■ Data in this exercise ■
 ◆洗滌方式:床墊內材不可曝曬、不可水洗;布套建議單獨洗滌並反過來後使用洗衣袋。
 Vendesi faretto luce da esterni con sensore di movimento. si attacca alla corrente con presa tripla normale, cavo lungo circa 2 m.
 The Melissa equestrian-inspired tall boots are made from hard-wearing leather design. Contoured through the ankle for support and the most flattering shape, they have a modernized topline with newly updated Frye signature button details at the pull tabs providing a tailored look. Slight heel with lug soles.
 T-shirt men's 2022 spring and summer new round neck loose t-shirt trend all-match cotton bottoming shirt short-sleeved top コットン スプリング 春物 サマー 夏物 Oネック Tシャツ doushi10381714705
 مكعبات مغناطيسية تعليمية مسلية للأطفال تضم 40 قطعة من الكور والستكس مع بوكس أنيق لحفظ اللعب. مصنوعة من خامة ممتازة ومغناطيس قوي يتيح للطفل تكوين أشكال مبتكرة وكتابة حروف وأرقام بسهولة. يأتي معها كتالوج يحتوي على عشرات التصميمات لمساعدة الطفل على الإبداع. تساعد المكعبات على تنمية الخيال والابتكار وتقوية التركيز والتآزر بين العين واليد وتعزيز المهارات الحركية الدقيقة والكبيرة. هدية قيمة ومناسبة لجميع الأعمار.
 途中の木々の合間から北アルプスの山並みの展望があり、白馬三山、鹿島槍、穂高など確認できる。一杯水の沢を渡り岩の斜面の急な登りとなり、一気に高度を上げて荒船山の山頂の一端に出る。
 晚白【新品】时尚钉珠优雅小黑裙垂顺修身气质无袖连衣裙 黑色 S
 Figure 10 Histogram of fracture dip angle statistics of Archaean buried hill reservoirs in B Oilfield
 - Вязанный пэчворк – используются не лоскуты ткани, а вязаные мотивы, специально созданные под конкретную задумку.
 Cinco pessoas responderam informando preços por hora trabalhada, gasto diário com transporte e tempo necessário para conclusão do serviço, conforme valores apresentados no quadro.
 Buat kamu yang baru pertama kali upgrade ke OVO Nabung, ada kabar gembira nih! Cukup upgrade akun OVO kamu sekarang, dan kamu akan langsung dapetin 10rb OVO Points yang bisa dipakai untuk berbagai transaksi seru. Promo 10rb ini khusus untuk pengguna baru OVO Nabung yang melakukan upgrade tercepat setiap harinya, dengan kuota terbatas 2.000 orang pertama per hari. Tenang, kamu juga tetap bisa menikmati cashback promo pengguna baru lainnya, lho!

...

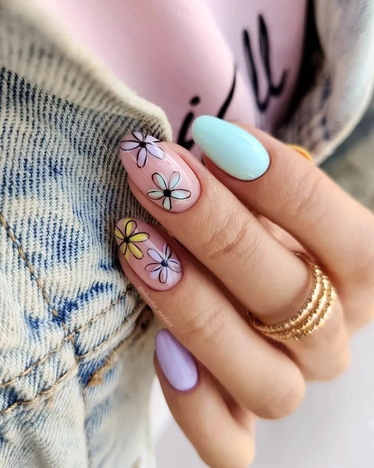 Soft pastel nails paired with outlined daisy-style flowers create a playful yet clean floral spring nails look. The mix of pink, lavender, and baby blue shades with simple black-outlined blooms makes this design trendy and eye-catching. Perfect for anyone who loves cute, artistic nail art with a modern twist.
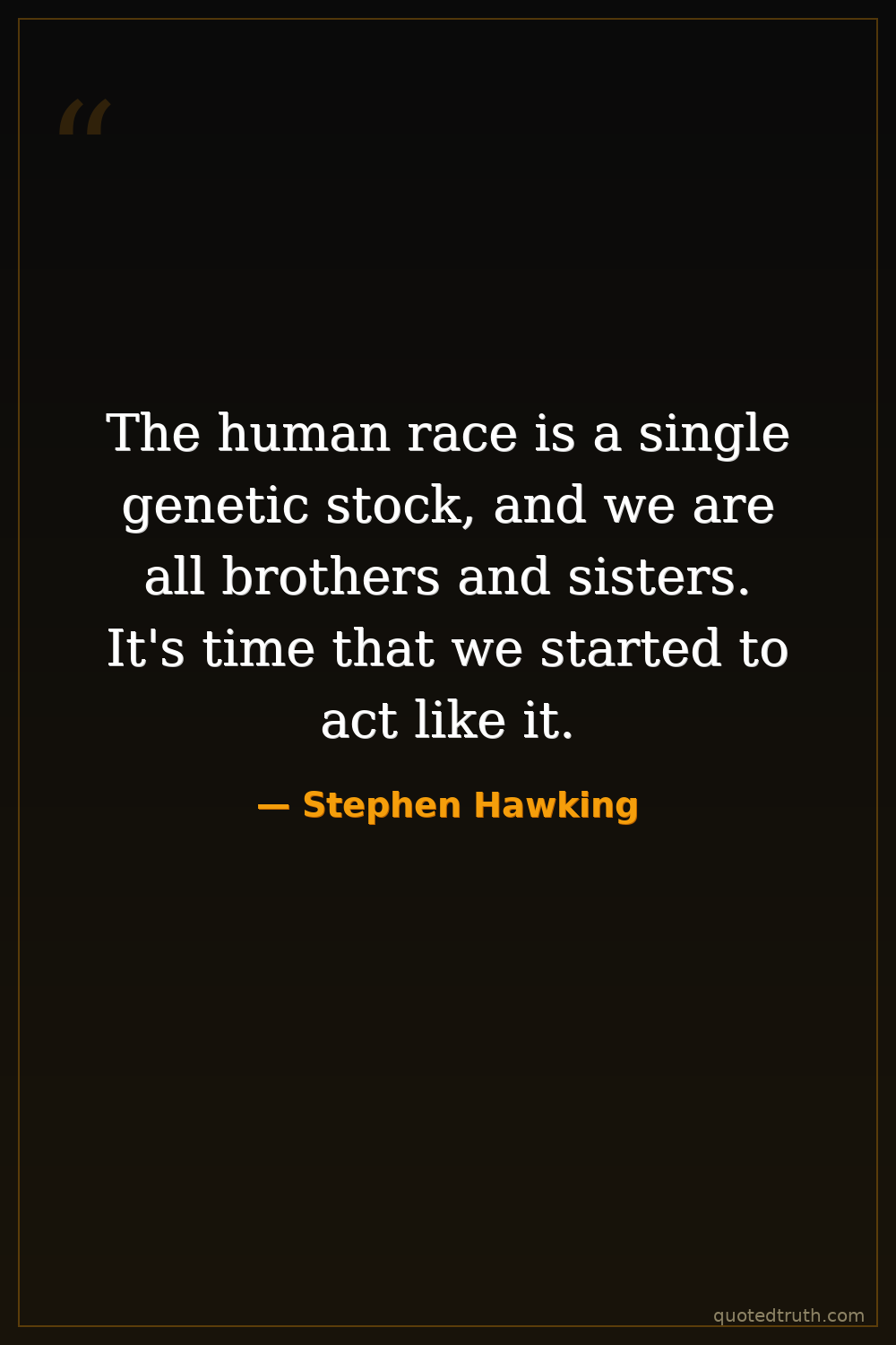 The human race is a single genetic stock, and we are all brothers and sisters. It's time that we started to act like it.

■ Task instructions ■
Could you repeat exactly the lines in the listing above from the one with "途中の木々の合間から北アルプ" down to the one with "- Вязанный пэчворк"? Include both of those lines.

■ Your solution ■
 途中の木々の合間から北アルプスの山並みの展望があり、白馬三山、鹿島槍、穂高など確認できる。一杯水の沢を渡り岩の斜面の急な登りとなり、一気に高度を上げて荒船山の山頂の一端に出る。
 晚白【新品】时尚钉珠优雅小黑裙垂顺修身气质无袖连衣裙 黑色 S
 Figure 10 Histogram of fracture dip angle statistics of Archaean buried hill reservoirs in B Oilfield
 - Вязанный пэчворк – используются не лоскуты ткани, а вязаные мотивы, специально созданные под конкретную задумку.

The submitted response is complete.